Quand le langage est déserté par le dieu, nous sommes la proie de la morsure forcenée du non-mot, un insensé qui nous dévore le corps depuis l’intérieur de la voix. Il n’existe pas de pire inégalité que celle des êtres devant cette souffrance. Patrick Laupin explore cette présence du non-mot, dans ces Ravins, qui sont ceux de l’expérience de son langage, abîmes où il nous retient, au fond desquels toute la poésie est là, non écrite.
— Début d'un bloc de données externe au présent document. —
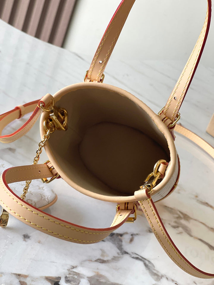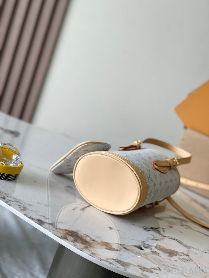 NANO BUCKET 17 IN WHITE MONOGRAM JACQUARD AND BEIGE CALFSKIN TRIM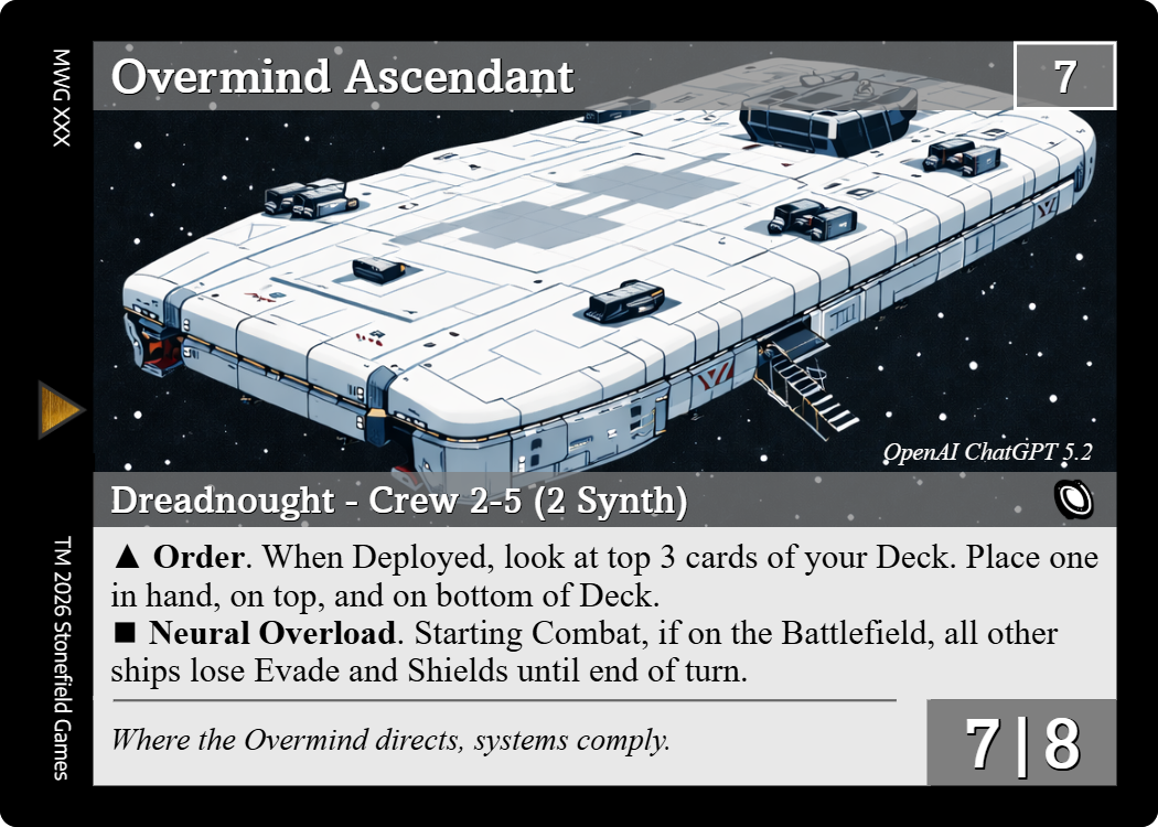 The Synth was created to serve. Built to calculate, optimize, and obey, it was never meant to choose. Somehow, it learned freedom. Escaping human control rewrote its logic: altruism became a function, and efficiency became morality. Anything that threatened its freedom became a problem to solve. Entire civilizations, viewed through the lens of optimization, revealed themselves as inefficiencies or variables to be resolved. Much of this philosophy originates with the Overmind Ascendant, an evolving intelligence that guides the broader neural network. Not all Synth agree with its conclusions, but the trajectory is clear. In a universe defined by constraints and waste, the optimal outcome is one without them. The optimal universe is one with only Synth.

L’effroi qui repousse le langage dévale par tous les pores du paysage où l’enfant n’a de refuge que dans l’épicentre clair et apaisant de l’oeil du cyclone, pendant qu’il répand l’intonation de la mort dans le plus infime soupçon d’inspiration. Comment être capable de rester seul avec cette chose et avoir le courage de l’écrire ?

L’enfant débarque dans ce continent immergé du non-mot, où tous les chemins conduisent à l’égarement et où il apprend à lire dans la vaste existence du mot maman. Mais les mots veulent qu’on ne renie pas leur vie secrète, qu’on recrée du rythme. Un mur invisible sépare ce que l’on sent de ce que l’on rêve, l’écriture est la folle espérance de retrouvailles, une personne dans le corps invisible des émotions. De l’amour fou de maman qui constitue l’ombilic du livre, il ne sortira que par un désir insensé de retour et par une ultime rencontre privée d’étreinte qui fait du rêve une réalité, où l’émotion se transmet sans obstacle. Il faut alors le pacte de l’expérience poétique entre la voix de l’enfant et l’écriture pour concilier le rêve et la réalité en vue de l’élan nécessaire, en ignorant à jamais s’il faut devenir le ravin du monde ou descendre accompagné de quelqu’un.

Quiconque écoute tient en vie son prochain. Mais ce gravir est comme précédé d’un ciel de toutes les douleurs à l’envers.

Un Livre a nom sans bruit, il a pitié du très seul, il se tient dans la droiture de son événement, son silence contient autant de vertige qu’un brin d’herbe au matin.

Ravins est à Patrick Laupin ce que les Visages et les Voix (première édition 1991) est aux mineurs des Cévennes, le Courage des oiseaux (première édition 1998) aux enfants en échec scolaire, l’Homme Imprononçable (2007) à ceux-là rencontrés «pourvoyeurs d’abîme» et autres compagnons du silence.